Hier schloß der Brief. Lange, nachdem Perennis ihn gelesen hatte, sah er noch auf ihn hin. Was er in seinem kurzen Verkehr mit der Marquise auf dem Karmeliterhofe ahnte: daß mehr als bloße Laune sie bewegte, auf dem alten Gehöft zu wohnen, ihn sogar mit Geldmitteln zur Reise zu versehen, das fand er hier unwiderleglich bestätigt. Denn die Marquise, welche noch immer mit Enthusiasmus an dem Beruf hing, dem sie durch einen Unglücksfall gewaltsam entrissen wurde, die alten Erinnerungen aber dadurch rege hielt, daß sie heimlich ein junges Talent ausbildete, sie konnte keine Andere sein, als jene Lucile, welche einst alle Welt durch ihre Anmuth entzückte. Und prägte sich in ihrem ruhigen kalten Antlitz nicht aus, daß sie jetzt die Fähigkeit des Hassens besaß, wie ihr einst die Göttergabe einer glühenden Liebe eigenthümlich gewesen? Er versuchte, sich die schöne hohe Gestalt zu vergegenwärtigen, rief sich einzelne ihrer geheimnißvollen Bemerkungen ins Gedächtniß zurück. Heute waren ihm dieselben kein Räthsel mehr. Aber ein anderes Räthsel tauchte vor ihm auf, ein Räthsel so verlockend, sogar berauschend, daß er meinte, den geistigen Blick nicht von demselben losreißen zu können: Die Enkelin Ginsters, der unstäte Irrwisch, die bezaubernde Rheinnixe; stand sie nicht in irgend einer Beziehung zu dem verstorbenen Onkel oder der Marquise? Er sann und sann. Nirgends entdeckte er einen Anknüpfungspunkt; aber lebhafter schwebte ihm die Marquise vor. Es drängte ihn, die Kunde von demjenigen ihr zuzutragen, den sie so viele Jahre hindurch mit ihrem Haß verfolgte, und der nun still in seinem Grabe ruhte.
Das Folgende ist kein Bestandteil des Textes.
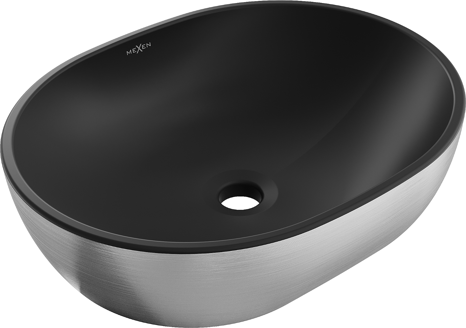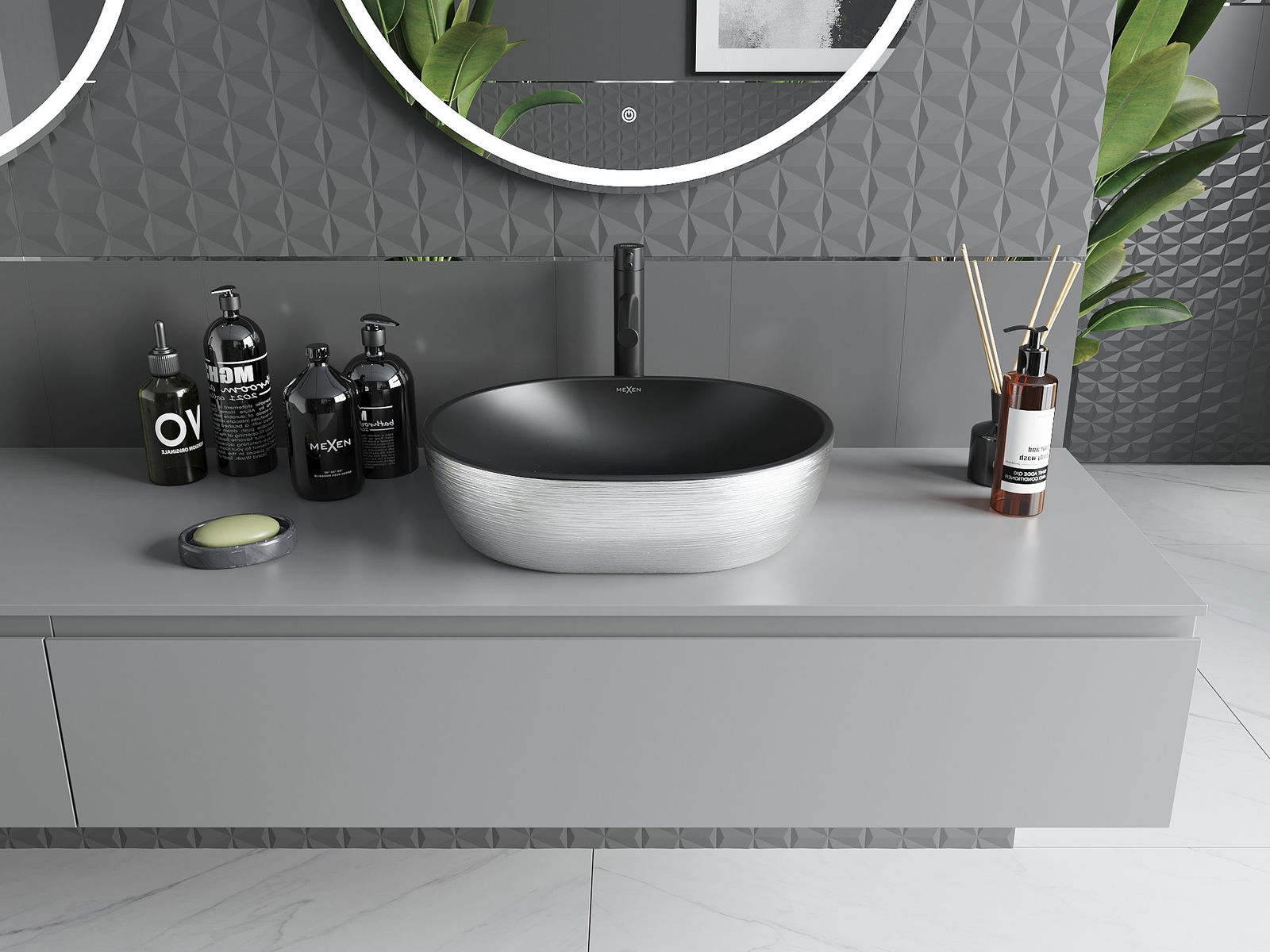 Chiuvetă de blat 48 x 35 cm într-un elegant negru mat cu model argintiu este combinația ideală de stil și funcționalitate. Fabricată din ceramică sanitară de înaltă calitate, se caracterizează printr-un strat protector, ceea ce asigură durabilitate și ușurință în curățare. Forma sa ovală și lipsa orificiilor pentru baterii și preaplin o fac o alegere excelentă pentru băile moderne. Dimensiunile compacte 48x35 cm și înălțimea de 14 cm permit o adaptare ușoară la diverse aranjamente.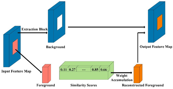 The CAM divides the input feature map into foreground patches and background patches and measures the similarity score by applying cosine similarity. Finally, Softmax [31] was used to normalize the cosine similarity. The illustration of the CAM is shown in Figure 5. The conventional CAM reconstructs the foreground patches by measuring the cosine similarities with the background patches. In contrast, the modified CAM uses the Euclidean distance to compute similarity scores. However, the normalization of the feature block vector in Formula (3) will distort the semantic feature representation and lead to distortion.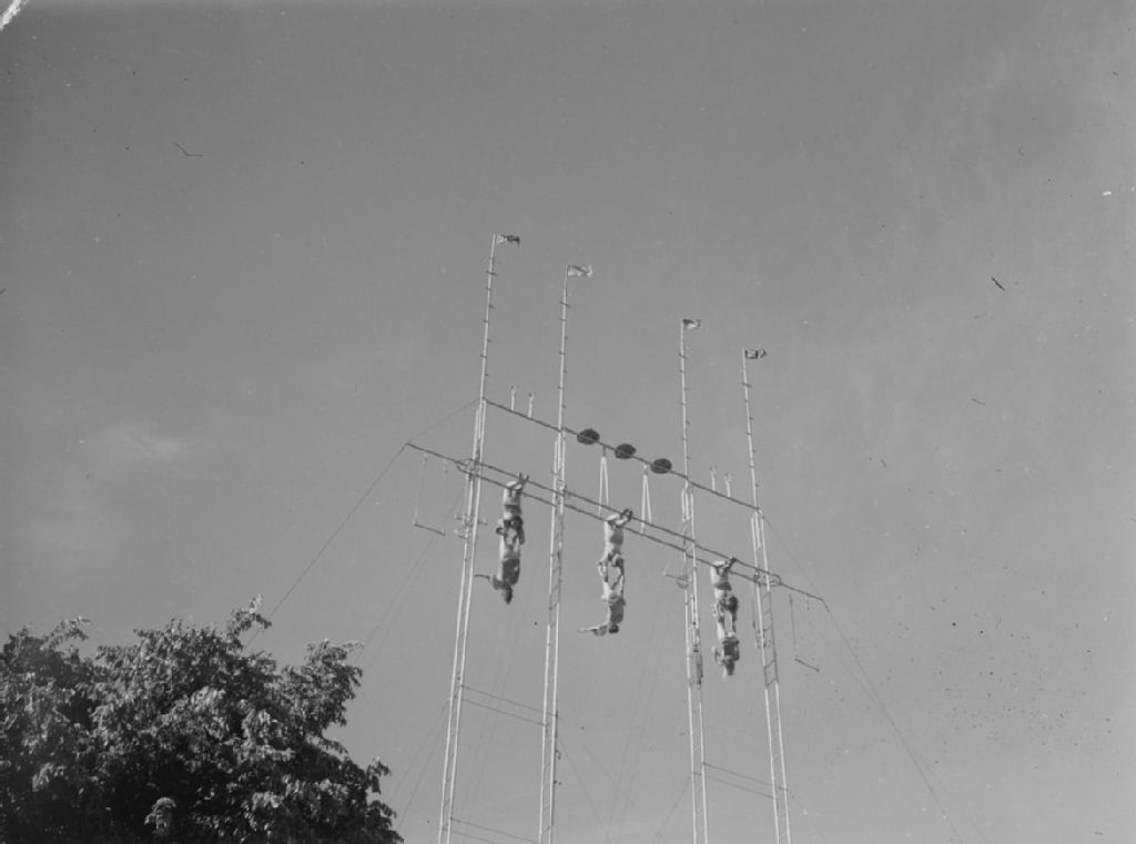Nous voyons six acrobates du «Hollywood Sky Ballet» suspendus deux par deux au sommet d'une haute structure métallique lors d'un spectacle en plein air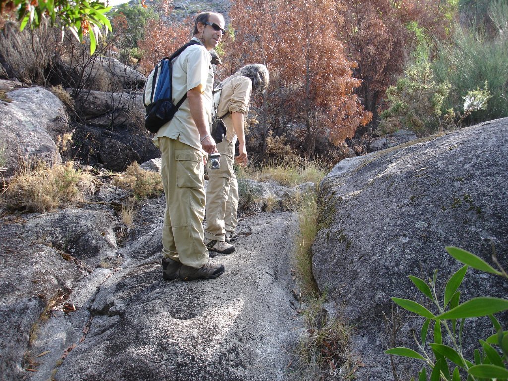Daqui seguimos em direção ao geodésico da Pedra Alçada e, novamente com a vista a perder-se pela imensidão, começámos a descida para a Chão do Guindeiro, através do impressionante “reino de granito”. Daqui continuámos a descer através do caminho que nos levaria até à Fonte da Telha, mas antes virámos novamente em direção ao Alto de Valverde, onde se fez novo descanso.
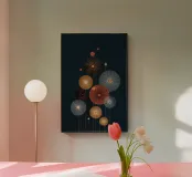 Un'impressionante esibizione di fuochi d'artificio astratti resi in una pulita geometria Bauhaus. Linee radianti e audaci esplosioni circolari illuminano la tela scura con un contrasto festoso e un tocco minimalista. Una celebrazione del movimento, del ritmo e della magia delle feste, perfetta per gli interni moderni alla ricerca di un tocco stagionale unico.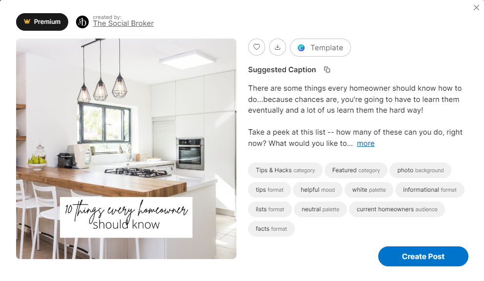 Choose the ready-to-post content you want to publish to one or more of your social pages and click the graphic to access the publishing tools. This opens the preview window. To continue the process, click the blue "Create Post" button for the next steps.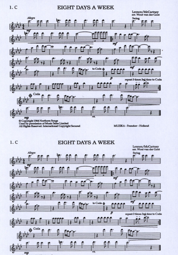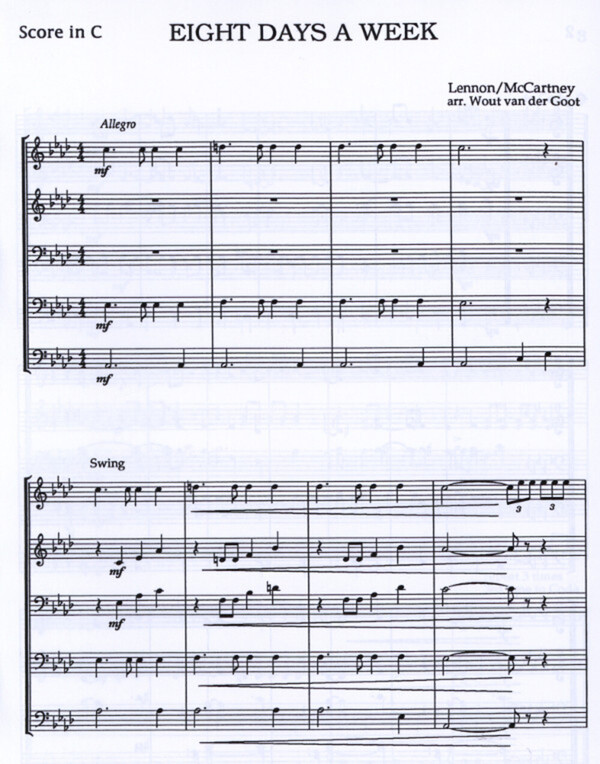 4. Stimme in C im Baßschlüssel, B im Baß-/Violinschlüssel 5. Stimme. in C im Baßschlüssel, B/Es im Baß-/Violinschlüssel + Schlagzeug ad lib.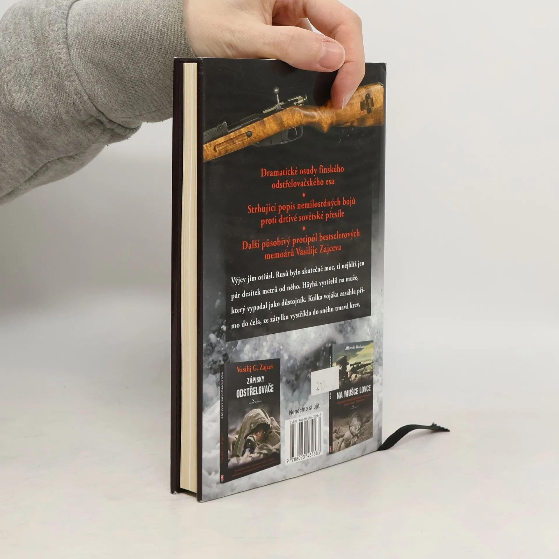 Životní příběh legendárního finského odstřelovače Sima Häyhäho, nenápadného, drobného chlapíka, který za Zimní války se Sovětským svazem výrazně zasáhl do těžkých bojů o řeku Kollaa. Jeho přesný, takřka neomylný střelecký um budil v řadách nepřítele oprávněnou hrůzu a vysloužil mu přezdívku Bílá smrt. Svými více než 500 prokázanými zásahy se zařadil mezi nejúspěšnější odstřelovače všech dob. Kniha se také dílem zabývá osudy dalších pozoruhodných postav, majících významný podíl na tom, že se v klimaticky náročných bojových podmínkách podařilo s vynaložením nadlidského úsilí zastavit postup agresora, a zachovat tak nezávislost Finska. V závěru se autor zamýšlí nad historickou i současnou úlohou odstřelovačů a jejich postavením v očích veřejnosti. Pozn. V knize je 16 stran obrazové přílohy.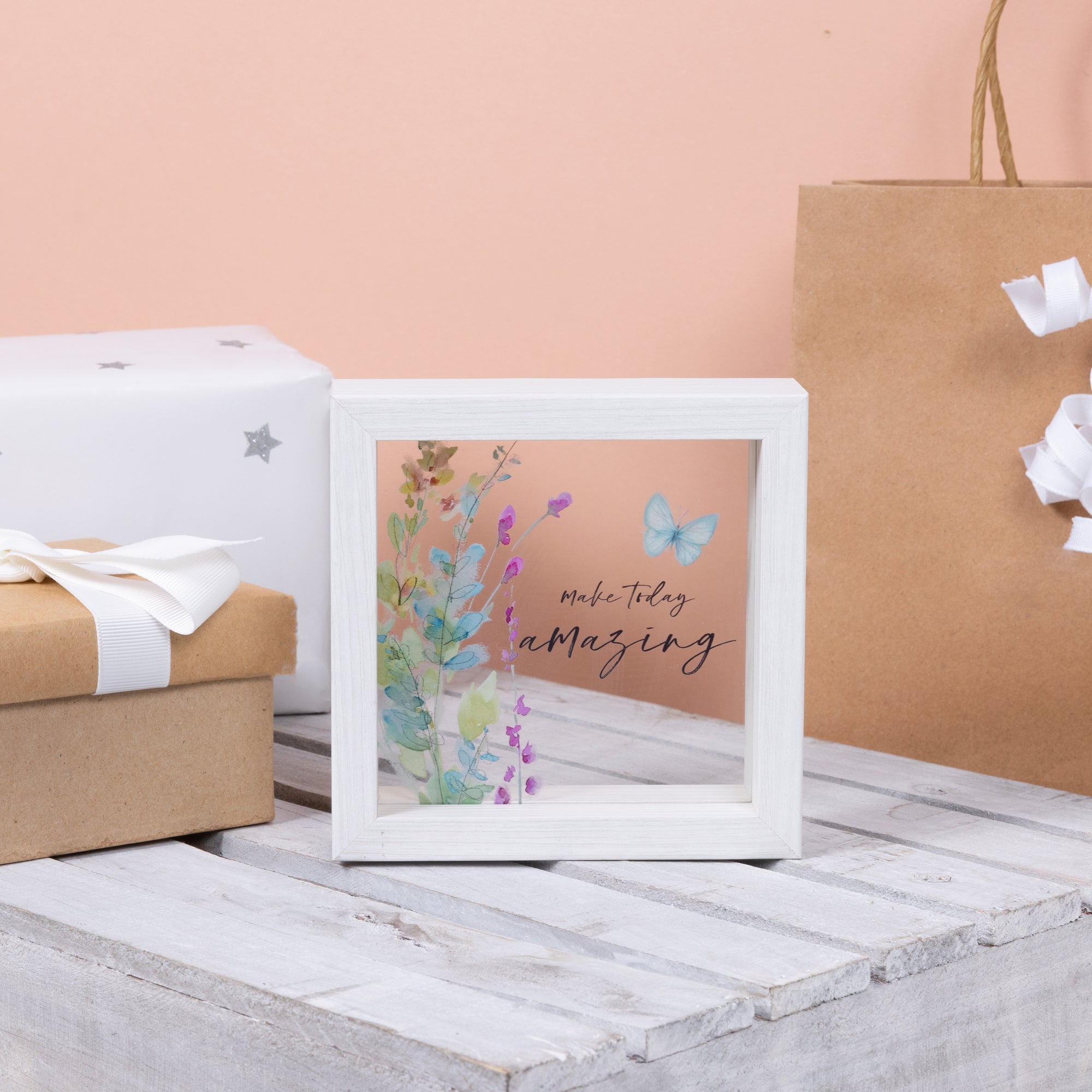 - IN-HOUSE DESIGN: Green, blue, and purple watercolor paint-inspired flowers with a teal butterfly are accompanied by a "Make Today Amazing" sentiment-printed decal on the front side of the see-through glass. The artwork was designed by AmyLee Weeks, who sees the beauty in everyday life.

Er sehnte sich, ihr zu beweisen, daß sie ein treues Herz unverdient anfeindete, ein Leben verbitterte, dessen letzter Athemzug ihren Nahmen hauchte. Wie nahm sie die Kunde auf? Wie löste sich das Räthsel, welches in seinen Augen noch immer das trotzige Fischermädchen umhüllte? Und Lucretia, welche der Verstorbene so warm seinem Schutze empfahl? Welchen Empfang hatte er von ihr zu erwarten, von ihr, die weinend an seinem Halse hing, als er im Begriff stand, die Reise über den Ozean anzutreten?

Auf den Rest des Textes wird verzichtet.